Supplied records:

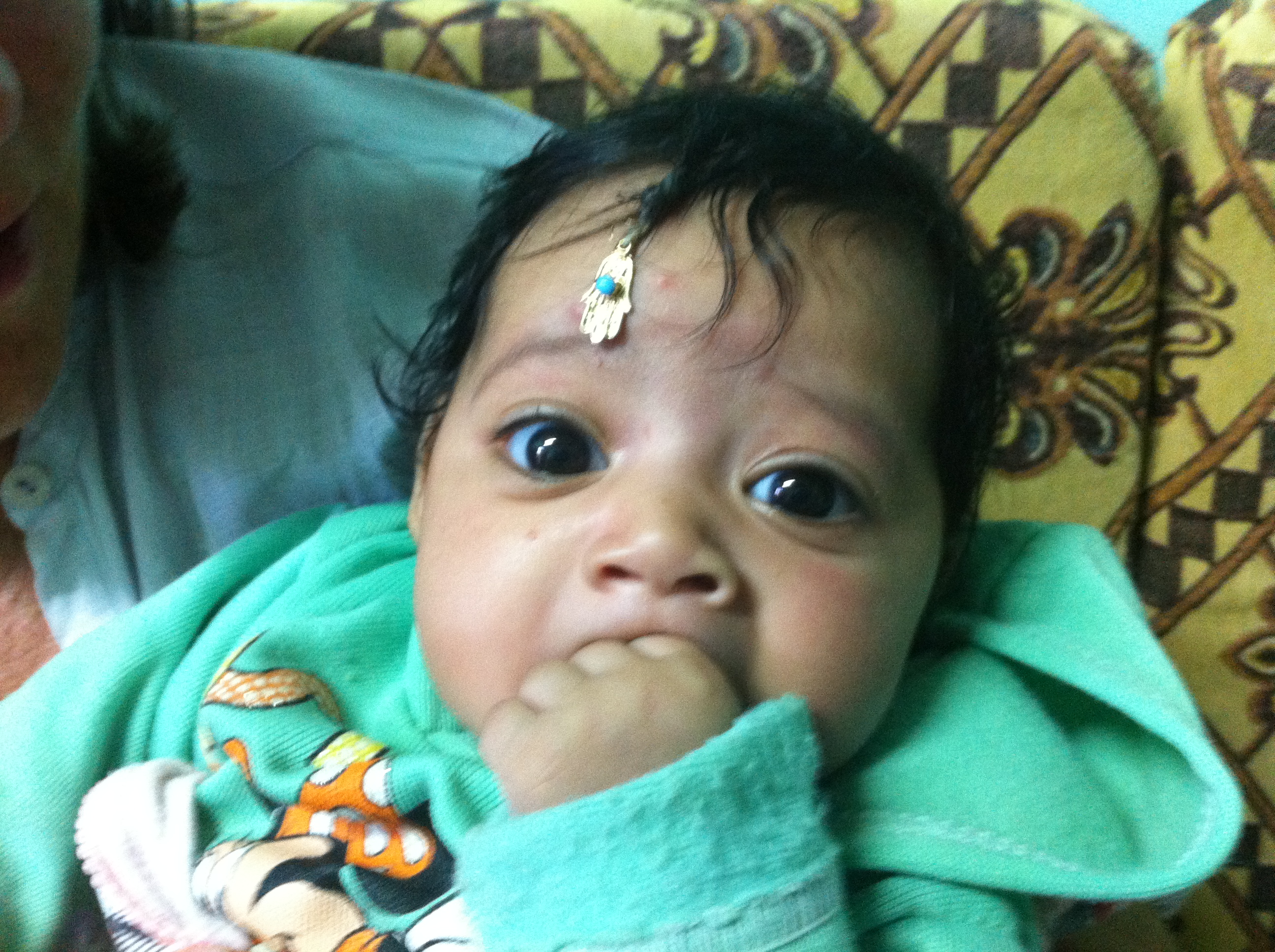 Egyptian women who live in baladi (“traditional”) urban quarters often make khamaysa which are amulets made up of five (khamsa) objects to attach to their children’s hair or black aprons. The five objects can be made of peppers, hands, circles, or stars hanging from hooks.
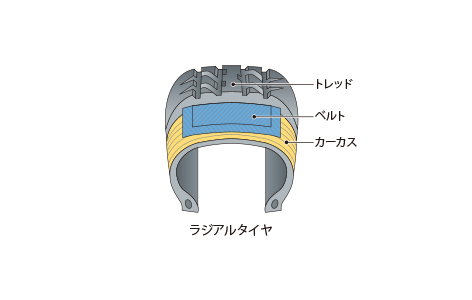 カーカスを構成するコードがトレッドの中心線に対して90°またはそれに近い角度(放射状=ラジアル)に配列され、またトレッドの部分をベルト(補強帯)で締付けているタイプのタイヤをいいます。ラジアルタイヤは、バイアスタイヤに比べ次のような特徴があります。
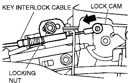 4 Loosen the locking nut of the key interlock cable.
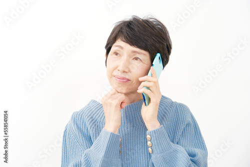スマホで電話して考える中年女性 白背景
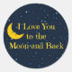 Cielo estrellado con un pegatina de luna creciente amarilla, "Te amo a la luna y atrás".
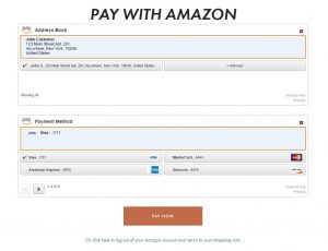 On the cart page, the customer is presented with the Amazon Pay button as an available payment method. When click, this button creates a popup that authenticates the user and logs them in to their Amazon account. Next, the customer is redirected to a custom page that displays Amazon Pay “widgets”. These widgets let the customer choose from their saved shipping addresses and credit cards stored in their Amazon account. When they’ve selected from both, they click “Pay Now”, and their order is processed. Commerce uses Omnipay to abstract payment methods, so the actual processing code is straightforward.
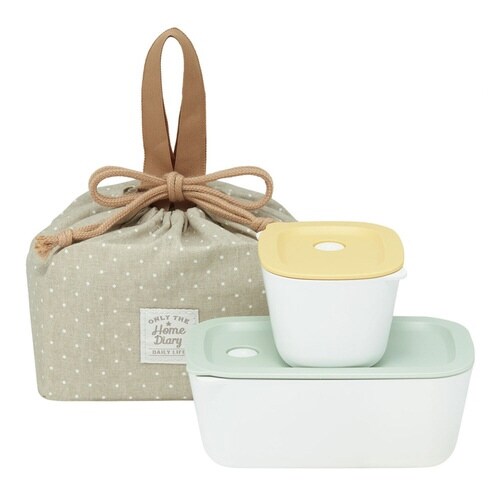 巾着袋と2サイズの容器のランチセットです。 巾着袋は持ち運びに便利な持ち手付きです。 容量はそれぞれSサイズが200ml、Mサイズが480mlで、総容量は680mlです |
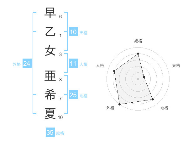 早乙女 亜希夏さんの総格は35画の4点!
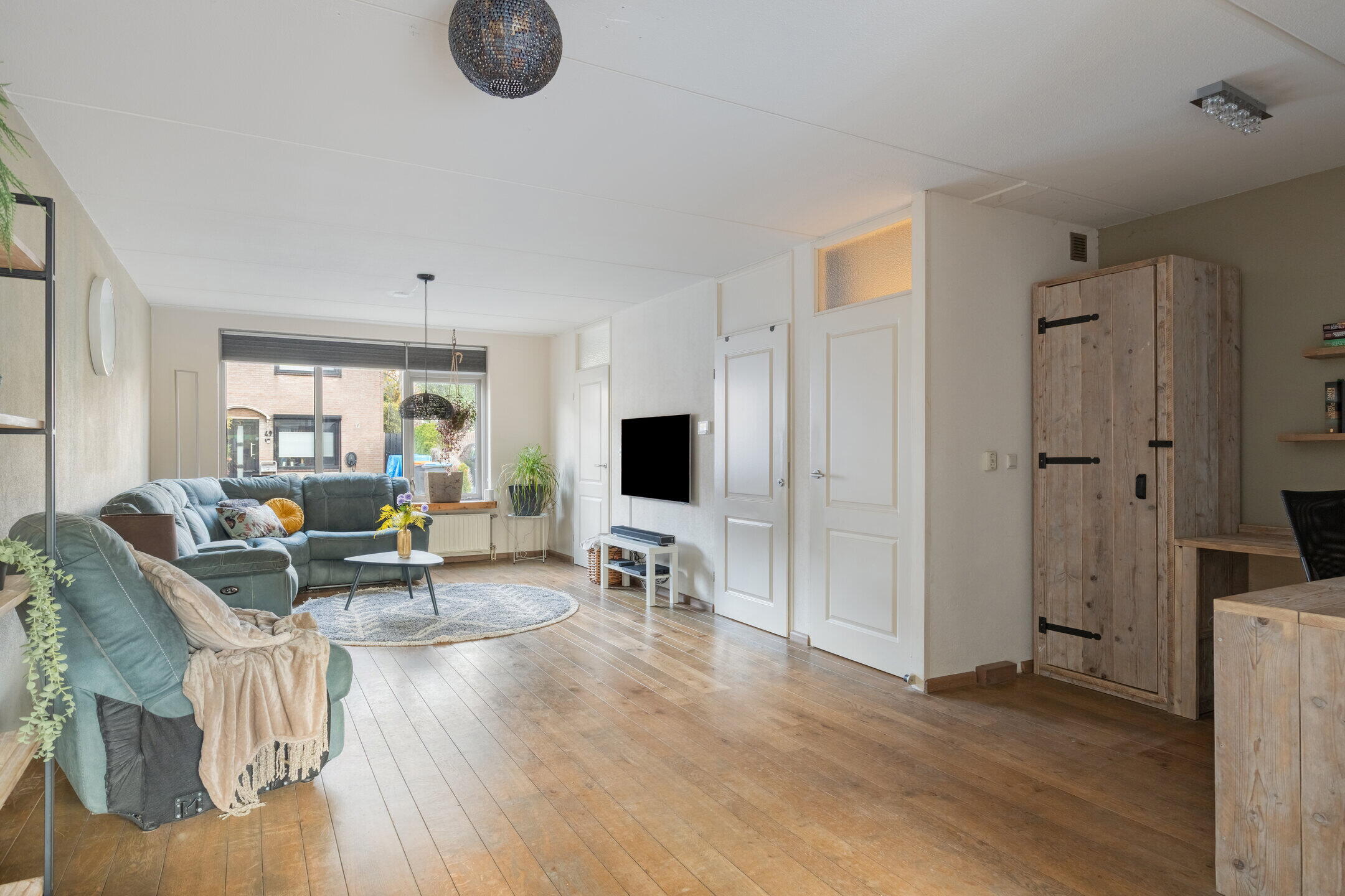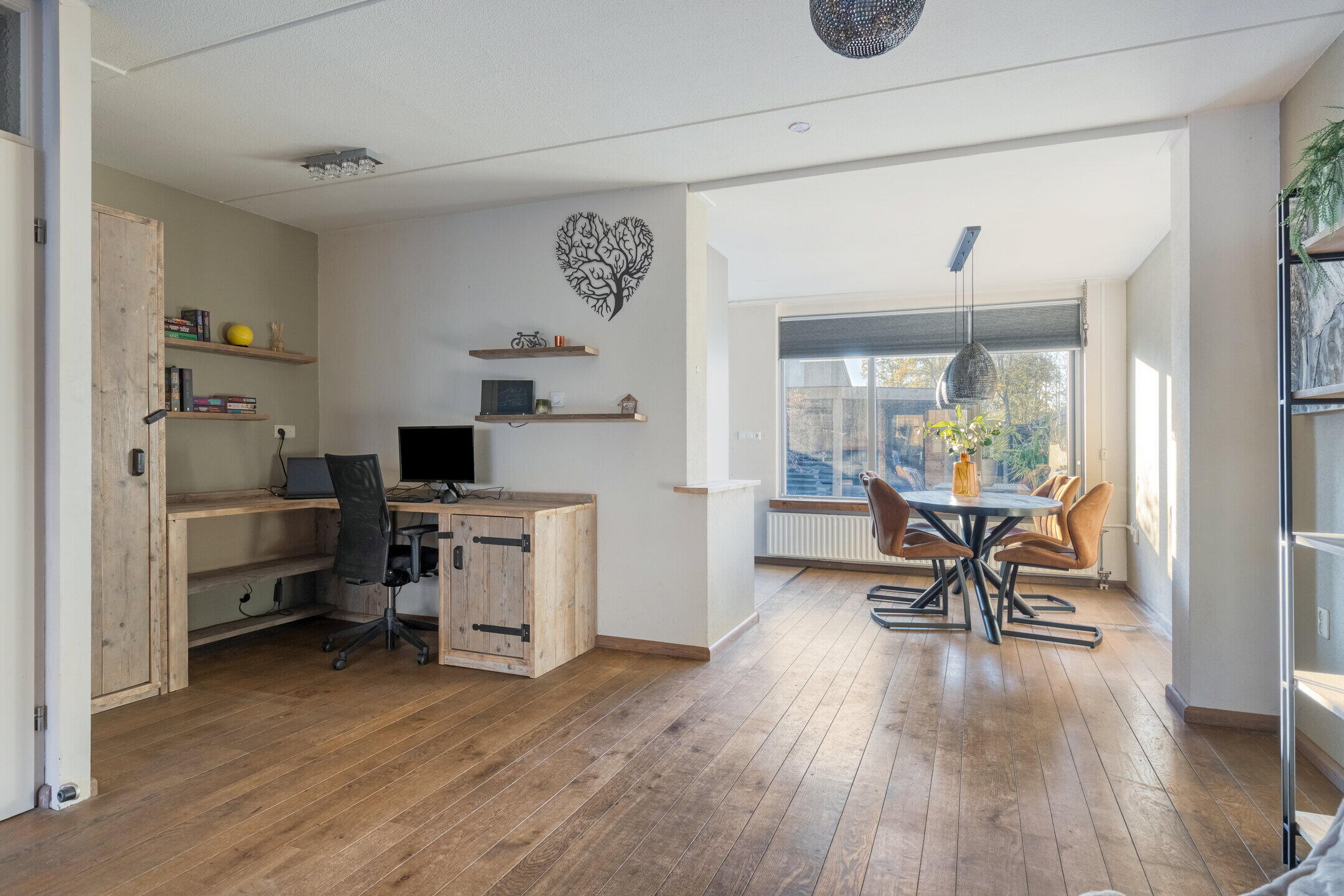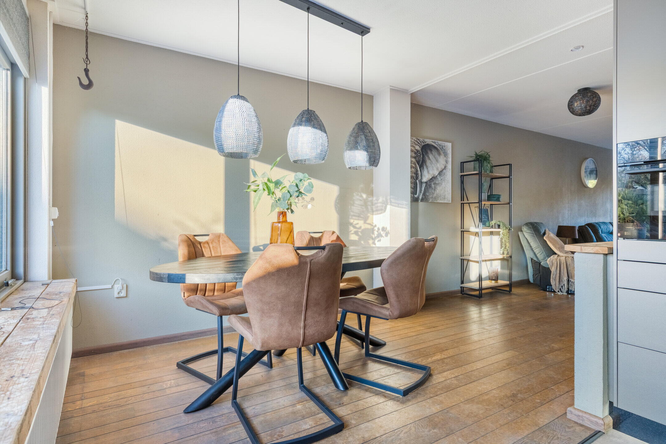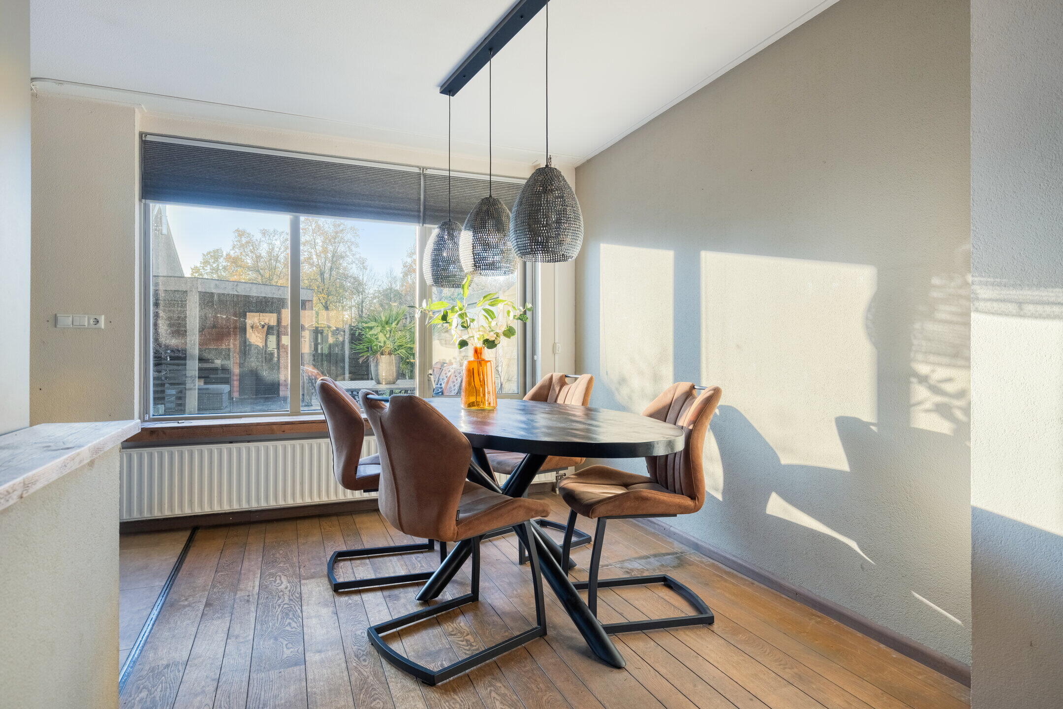 De woonkamer is heerlijk ruim en netjes afgewerkt, met veel natuurlijke lichtinval. Aan de voorzijde is er een fijne zithoek, terwijl de eethoek naadloos aansluit op de open ruimte. In de hoek is een fijne plek gecreëerd die perfect dienst kan doen als thuiswerkplek of speelhoek. De trap is subtiel weggewerkt achter een deur — netjes en praktisch! De keuken is een echte eyecatcher: modern, mat afgewerkt met zwarte details. Uiteraard is deze voorzien van alle gemakken, zoals een inductiekookplaat en inbouwapparatuur. Hier kook je met plezier!
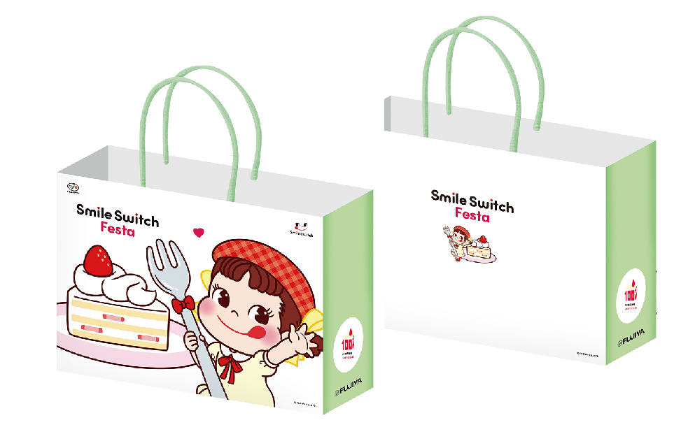 ショートケーキ発売100周年記念のキュートなペコちゃんがプリントされています。
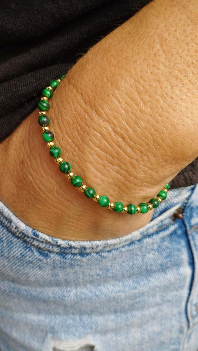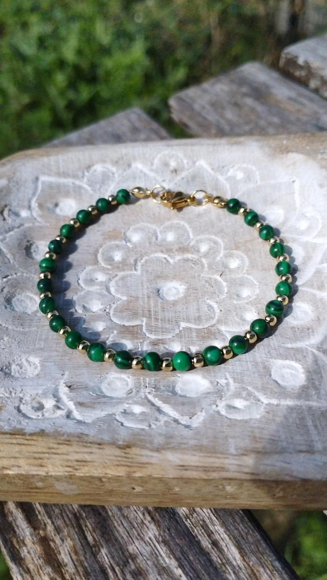 Bracelet en pierres minérales naturelles de Malachite, et acier inoxydable
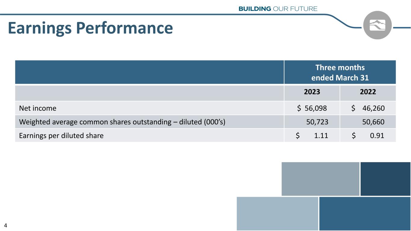 Earnings Performance Three months ended March 31 2023 2022 Net income $ 56,098 $ 46,260 Weighted average common shares outstanding – diluted (000’s) 50,723 50,660 Earnings per diluted share $ 1.11 $ 0.91 4
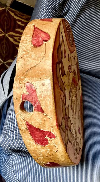 Pandereta de estilo marroquí, con un diseño pintado a mano. - Decoración con motivos tribales y florales. - Bordes decorados con pintura roja y detalles en negro. - Superficie de piel con dibujos de manos y ojos.

Directions for this task:
Give each record above back word for word, but carry over none of the pictures.

Task answer:
 Egyptian women who live in baladi (“traditional”) urban quarters often make khamaysa which are amulets made up of five (khamsa) objects to attach to their children’s hair or black aprons. The five objects can be made of peppers, hands, circles, or stars hanging from hooks.
 カーカスを構成するコードがトレッドの中心線に対して90°またはそれに近い角度(放射状=ラジアル)に配列され、またトレッドの部分をベルト(補強帯)で締付けているタイプのタイヤをいいます。ラジアルタイヤは、バイアスタイヤに比べ次のような特徴があります。
 4 Loosen the locking nut of the key interlock cable.
スマホで電話して考える中年女性 白背景
 Cielo estrellado con un pegatina de luna creciente amarilla, "Te amo a la luna y atrás".
 On the cart page, the customer is presented with the Amazon Pay button as an available payment method. When click, this button creates a popup that authenticates the user and logs them in to their Amazon account. Next, the customer is redirected to a custom page that displays Amazon Pay “widgets”. These widgets let the customer choose from their saved shipping addresses and credit cards stored in their Amazon account. When they’ve selected from both, they click “Pay Now”, and their order is processed. Commerce uses Omnipay to abstract payment methods, so the actual processing code is straightforward.
 巾着袋と2サイズの容器のランチセットです。 巾着袋は持ち運びに便利な持ち手付きです。 容量はそれぞれSサイズが200ml、Mサイズが480mlで、総容量は680mlです |
 早乙女 亜希夏さんの総格は35画の4点!
 De woonkamer is heerlijk ruim en netjes afgewerkt, met veel natuurlijke lichtinval. Aan de voorzijde is er een fijne zithoek, terwijl de eethoek naadloos aansluit op de open ruimte. In de hoek is een fijne plek gecreëerd die perfect dienst kan doen als thuiswerkplek of speelhoek. De trap is subtiel weggewerkt achter een deur — netjes en praktisch! De keuken is een echte eyecatcher: modern, mat afgewerkt met zwarte details. Uiteraard is deze voorzien van alle gemakken, zoals een inductiekookplaat en inbouwapparatuur. Hier kook je met plezier!
 ショートケーキ発売100周年記念のキュートなペコちゃんがプリントされています。
 Bracelet en pierres minérales naturelles de Malachite, et acier inoxydable
 Earnings Performance Three months ended March 31 2023 2022 Net income $ 56,098 $ 46,260 Weighted average common shares outstanding – diluted (000’s) 50,723 50,660 Earnings per diluted share $ 1.11 $ 0.91 4
 Pandereta de estilo marroquí, con un diseño pintado a mano. - Decoración con motivos tribales y florales. - Bordes decorados con pintura roja y detalles en negro. - Superficie de piel con dibujos de manos y ojos.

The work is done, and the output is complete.